The early clinical picture is dominated by cerebellar dysfunction due to the widespread neurodegeneration of Purkinje cells [7, 10]. Head and truncal ataxia typically develop by 3 years of age, progressively worsening with gait abnormalities [7, 11]. Basal ganglia dysfunction emerges in the later stages of the disease, manifesting as hypotonia, tremor, and choreoathetosis [10]. Abnormal eye movements are also characteristic, and peripheral neuropathy with axonal degeneration may occur by the third decade of life [14, 16].

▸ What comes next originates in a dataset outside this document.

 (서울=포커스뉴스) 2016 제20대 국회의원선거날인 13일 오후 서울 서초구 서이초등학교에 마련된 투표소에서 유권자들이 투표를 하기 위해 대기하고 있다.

Neuroimaging studies reveal progressive cerebellar atrophy, first involving the superior vermis and lateral aspects of the cerebellar hemispheres [7–9, 11, 12]. Other findings include lymphoid and thymic hypoplasia, and recurrent middle ear and sinonasal infections [9].
Ataxia-telangiectasia-like disorder (ATLD) is a genomic instability syndrome that shares phenotypic features with AT but is caused by homozygous or compound heterozygous MRE11A gene mutations [45]. Affected patients do not show telangiectasias, immunodeficiency is mild or absent, and the neurologic symptoms have a later onset and slower progression than in AT [7].

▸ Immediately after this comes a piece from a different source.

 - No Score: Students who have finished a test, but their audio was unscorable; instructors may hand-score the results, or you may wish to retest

Aicardi-Goutières syndrome (AGS) is a progressive inflammatory encephalopathy caused by mutations in seven genes encoding intracellular molecules involved in nucleic acid metabolism or signaling, which ultimately leads to chronic activation of type I interferon [1, 14, 46]. Early-onset neurodegeneration and defective myelination are responsible for the neurologic symptoms [7, 46]. The neonatal form mimics congenital viral infections (pseudo-TORCH) with spasticity, dystonia, seizures, and neurodevelopmental delay. In the less common late-onset form, initial normal psychomotor development is followed by subacute regression, extreme irritability, periodic fever, and progressive microcephaly [10, 14, 46]. Death often occurs in early childhood [13, 46].

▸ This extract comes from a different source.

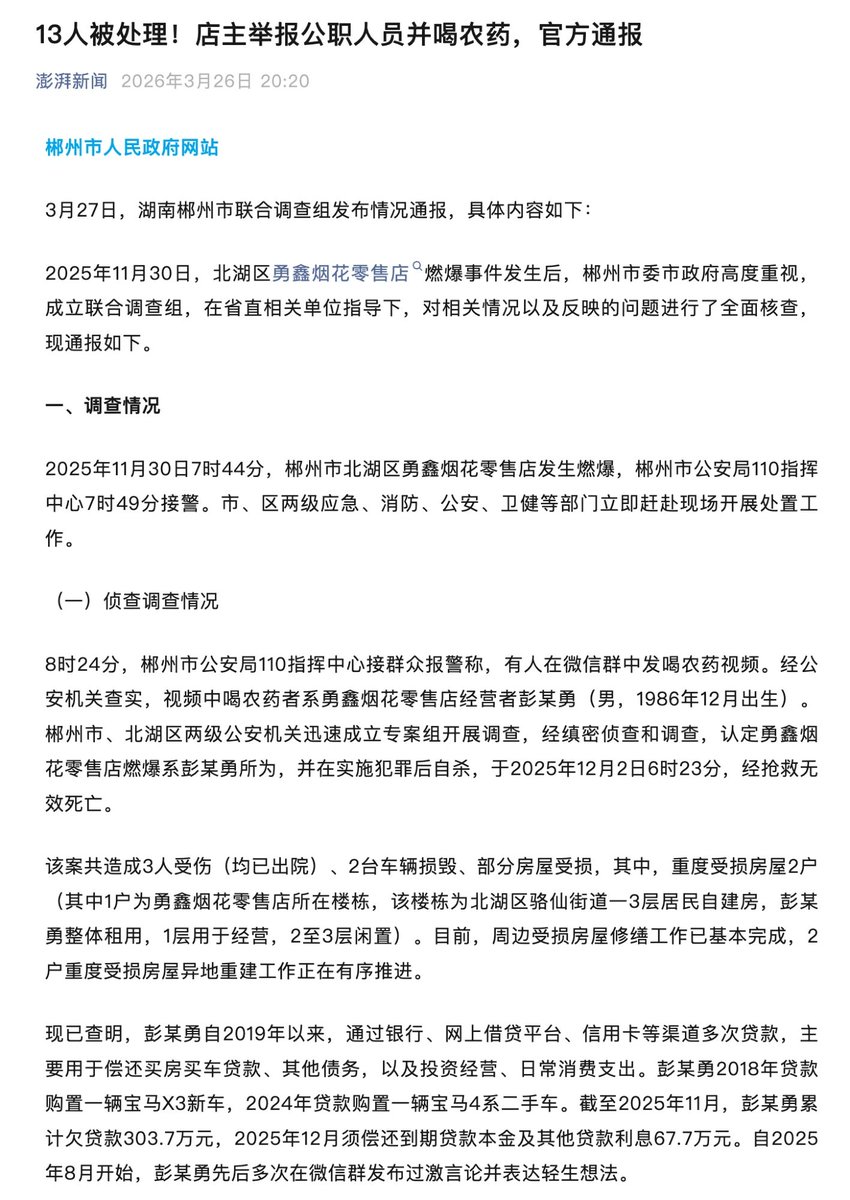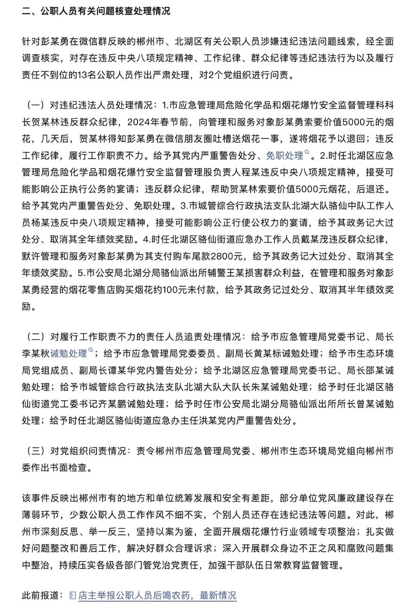 湖南,郴州市。烟花店主举报公职人员并喝农药身亡,官方通报。13人被处理。

The classic features of AGS - brain calcifications, leukoencephalopathy, and cerebral atrophy - are present in almost all cases [46] and are considered virtually pathognomonic [26]. Nonetheless, the neuroimaging patterns are heterogeneous, reflecting the complex pathogenesis and timing of disease onset [46] (Fig. 14).Fig. 14. Different neuroradiologic patterns in Aicardi-Goutières syndrome. AGS type 5 (SAMHD1 mutations). An 8-month-old male patient with low birth weight, developmental delay, lower limb hypertonia, and axial hypotonia. Head CT scan (a and b) shows multiple spot-like calcifications in the basal ganglia, internal capsules, coronae radiatae, and right frontoparietal deep white matter. Brain MRI (c and d – axial T2) reveals predominantly periventricular leukoencephalopathy and a left basal ganglia sequelae, probably of vascular etiology. AGS type 5 (SAMHD1 mutations). A 9-year-old female patient with severe prenatal encephalopathy, epilepsy treated with vigabatrin, and moderate cognitive deficit. Head CT scan (e to h) shows millimetric spot-like calcifications in the basal ganglia, cerebral white matter, and right cerebellar hemisphere. There is also diffuse brain atrophy and leukoencephalopathy with multifocal hypodensities of the residual white matter and apparent frontal subcortical cystic areas. AGS type 6 (ADAR1 mutations). A 3-year-old patient with developmental regression, hypotonia, and macrocephaly. (i to l) Axial T2 images demonstrate bilateral striatal T2-hyperintense lesions and diffuse leukoencephalopathy
Calcifications are usually symmetrical, spot-like, and located in the basal ganglia, particularly the lentiform nuclei, and the frontoparietal deep white matter. Other areas of involvement include the dentate nuclei, brainstem, and both the cerebellar and cerebral cortices [26, 46]. True periventricular calcifications are rare [26]. If the clinical presentation is typical, a single calcification may be enough to suggest the diagnosis [46]. Severe calcification is associated with mutations in the TREX1 gene (AGS type 1) and an age of onset of less than 3 months; however, it is inversely related to AGS type 2 caused by mutations in the RNASEH2B gene [46].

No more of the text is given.